Even with the no-longer flailing Joe Biden finally coming back in South Carolina’s primary, wise Democrats are looking warily ahead to the uncertainties of next week’s 14 state Super Tuesday primaries.
And what they are seeing frightens them.
They see that Sen. Bernie Sanders of Vermont still remains best-positioned, in terms of contributions and a robust campaign organization, to score significant gains in the coast-to-coast contests. Biden is severely understaffed and underfunded in many major contests. Mike Bloomberg must hope voters have paid attention to his massive blanket of TV ads and have paid no attention to the unappealing man behind the curtain of recent debates.
Meanwhile Democrats at all levels can’t get over the reality that Sanders remains the unlikeliest early frontrunner to win the presidential nomination of a party he still doesn’t officially claim as his. Sanders’ Senate website press releases correctly refer to him as “Sen. Bernie Sanders (I-Vt.),” because he is officially an independent. And Sanders proudly proclaims that he is a “democratic socialist.” It is a designation that savvy Democrats understand could drive swing voters away from their party’s House and Senate candidates in November.

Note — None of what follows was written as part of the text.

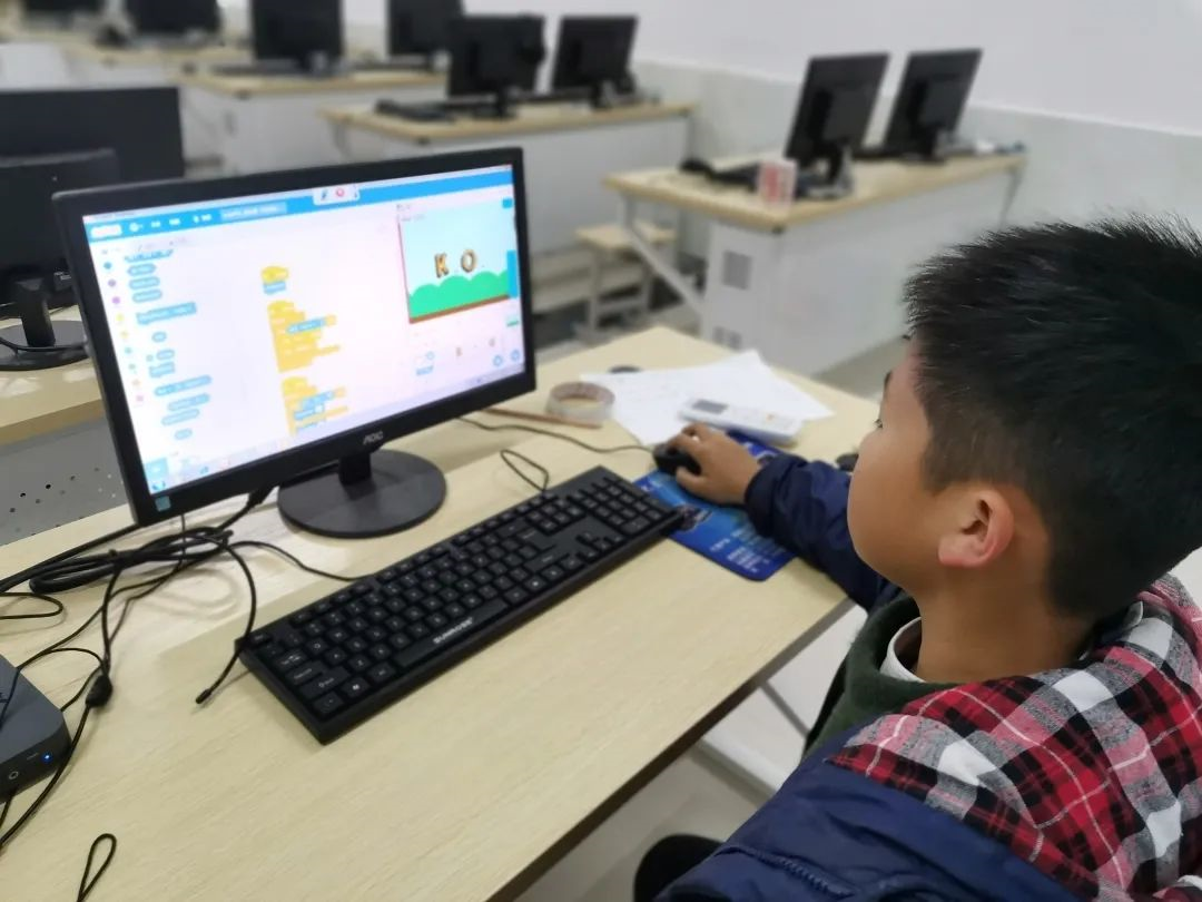 為了更好地提升學生的信息素養,我校開設少兒編程大課堂,孩子們通過項目式開展和小組合作的方式,使用圖形化編程語言Scratch創作,理解順序、并行、重復結構、偵測條件等計算思維中的重要基礎概念和算法知識,既鍛煉了邏輯思維能力和創新能力,也增強了其不斷試錯和解決問題的能力。

Of course, Sanders’ “democratic socialist” banner has earned him some support from powerful people in prominent places. Among them: President Donald Trump and Russian President Vladimir Putin (and his election saboteurs). They have been plotting to find ways of helping Sanders become Trump’s 2020 opponent. Why? Because they consider Sanders their most beatable opponent in November. Sanders is probably the one opponent who will cause even Trump-hating Republicans to hold their nose and vote for four more years.
What really mystifies smart pols in both major parties is why Sanders seems to go out of his way to remind voters about the very things he knows they hate to hear. Even if it costs him a chance of carrying battleground states.
Indeed, Sanders often seems a rather perverse pol who finds satisfaction in saying things that can hurt him politically. It’s as if he sometimes relishes the reward of a feel-good defeat.
In a recent CBS News “60 Minutes” interview, Sanders was asked about his ancient comment, made in the 1980s, that Cubans didn’t try to overthrow Cuba’s communist dictator, Fidel Castro, because “he educated their kids, gave them health care, totally transformed the society, you know?”
You don’t need a doctorate in political science to know that being asked to defend that during a 2020 campaign is akin to being asked to tap dance on quicksand in front of an audience of Florida’s huge anti-Castro Cuban exiles. A politically attuned Sanders could have simply said that the Cuban dictator made sure Cubans could read but his censorship made sure they could only read his brutal regime’s propaganda.
But of course Sanders merely did his familiar dance, one more time: “We’re very opposed to the authoritarian nature of Cuba but you know, it’s unfair to simply say everything is bad. You know? When Fidel Castro came into office, you know what he did? He had a massive literacy program. Is that a bad thing? Even though Fidel Castro did it?” And predictably, a cloudburst of criticism erupted in Florida — including Democrats’ warnings that Sanders could have just cost them any chance of carrying that crucial swing state.
Meanwhile, in recent weeks, it has also been surprising to see Sanders unveil a demagogic side that could have been lifted from Donald Trump’s attack-politics playbook. Sanders began attacking the one opponent who technically bested him in the first delegate contests, Pete Buttigieg. Sanders attacked the former South Bend, Ind. mayor for accepting contributions from
40 billionaires — and repeatedly contended Buttigieg was beholden to billionaires.
“Unlike some of the folks up here, I don’t have 40 billionaires, Pete, contributing to my campaign,” Sanders said in the New Hampshire debate.
But wait. What Sanders carefully avoided saying was that Buttigieg’s 40 contributions from billionaires were limited to the legal maximum amount of $2,800 each. And as the Center for Responsive Politics’ excellent OpenSecrets.org website shows, Sanders received 1,491 contributions of the $2,800 maximum limit. So all we are left with is the nonbreaking news that in politics, money still talks.
Frankly, we are also left thinking that somehow we expected Bernie Sanders to be better than that.